The surprising part in all of this isn’t to have to start thinking as one of IndyCar’s modern-day legends taking part in the series’ annual team owner meetings – “I want to start asking questions,” he quipped – but that Castroneves could have been persuaded to give up on his full-season racing dreams that began in his native Brazil more than 30 years ago, briefly took him to Europe and eventually landed him in the U.S. in a mano-e-mano battle with countryman and best-friend Tony Kanaan for a 1998 CART ride with Tasman Motorsports.
He’s long promised he would keep driving as long as someone was willing to give him a cockpit to sit in, and for nearly 30 years, he kept that dream alive. In his only season not racing full-time in IndyCar or IMSA, 2021, he still managed to string together 14 starts across the two series, along with Tony Stewart’s SRX series. And that year, he accomplished something few ever have: wining the Rolex 24 and the 500 in the same calendar year.
This next chapter, Castroneves clarified Friday, isn’t an end or even a winding down of the use of his incomparable competitive spirit, but merely a way to repurpose it. You don’t have to beat around the bush with the four-time 500 winner; he knows he hasn’t displayed a level of results MSR needs to keep moving forward the last two years. And he wants to be part of the solution.
“I want to be very clear. I am not retiring, okay? I just want to make sure people understand that. Actually, my line is open now to do other series – SRX, IMSA, NASCAR, Stockcar Brazil, whoever calls,” he said. “I still have a lot of fire inside me, a lot of energy that I want to burn, but now I’m going to focus that on the 500, but outside that, we have a lot of work ahead of us. The best for me in this condition is to step aside and help Mike and everyone go to the next level.
“I’m still very competitive, but there’s only so much you can do with that (driving). And when opportunity knocks, you just can’t all a sudden say, ‘No, no, I’ll wait.’ If it happens, you’ve got to decide – it may be now or never. I know Mike gave his life to becoming a team owner, and I know how hard it is. I’ve seen it, and that’s why I’m very grateful and honored to have Jim and Mike and the whole Liberty (Media) Group to accept me into this position.”

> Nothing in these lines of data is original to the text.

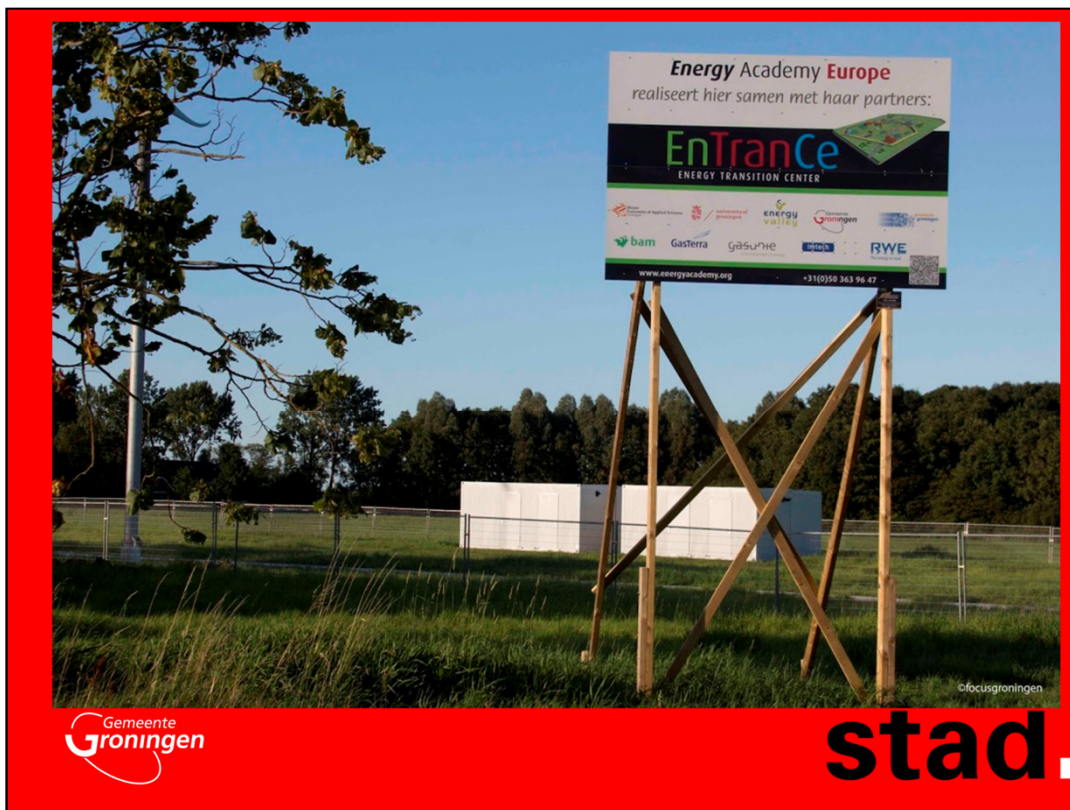
Ontwikkeling van het Energy Transition Centre: een proeftuin voor toegepast onderzoek naar de energievoorzieningen van de toekomst.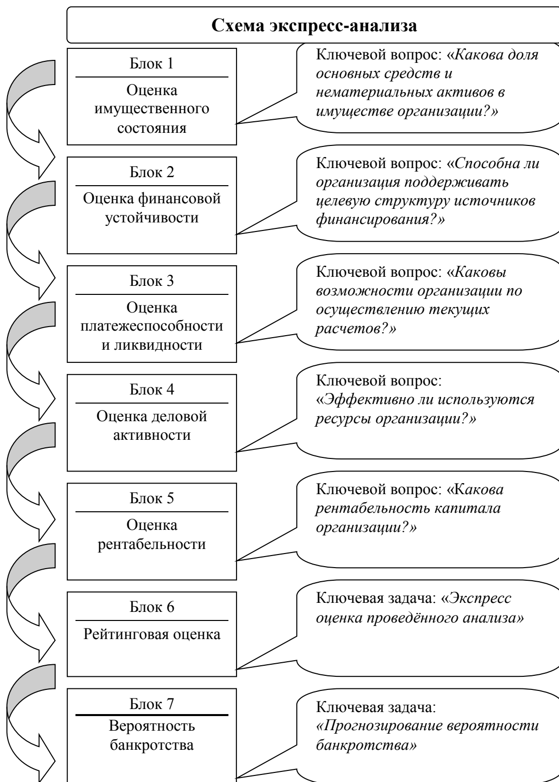
Рис. 1 Схема экспресс-анализа финансово-хозяйственной деятельности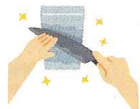
刃物とぎ(包丁・かま・なた)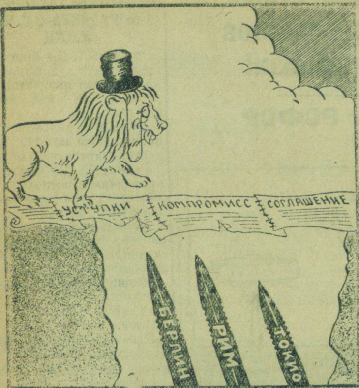
Волчья яма в дипломатических джунглях.

As MSR adds a rookie in Tom Blomqvist, with the prospect of possibly adding another young driver or even just one without experience within the team – if it opts not to bring back the still-injured Simon Pagenaud, whose results had taken a serious dip to below 20th in points before he was sidelined July 1 – it now has Castroneves’ full-attention he can put toward that mentoring role.
“I can’t do both,” he laughed. “My wife can multi-task. I’m different. I focus on one thing, and what we want to do is find talents and give them the best opportunity (for success).”
This move, too, is recognition from Shank that this team in transition can’t be fixed by him alone. Whether it’s as a driver coach, an engineering asset or just another mind on the timing stand, his team’s new minority owner has raced one of IndyCar’s longtime tracks more than double the number of race weekends MSR has. As a brand ambassador or advisor, Castroneves might’ve been expected to give his two cents when asked. As MSR’s latest co-owner, his own team now depends on it.
“All these things he’s picked up over the years, they can come out now. It’s part of it,” Shank said. “He’s got a stake in the ground with us.”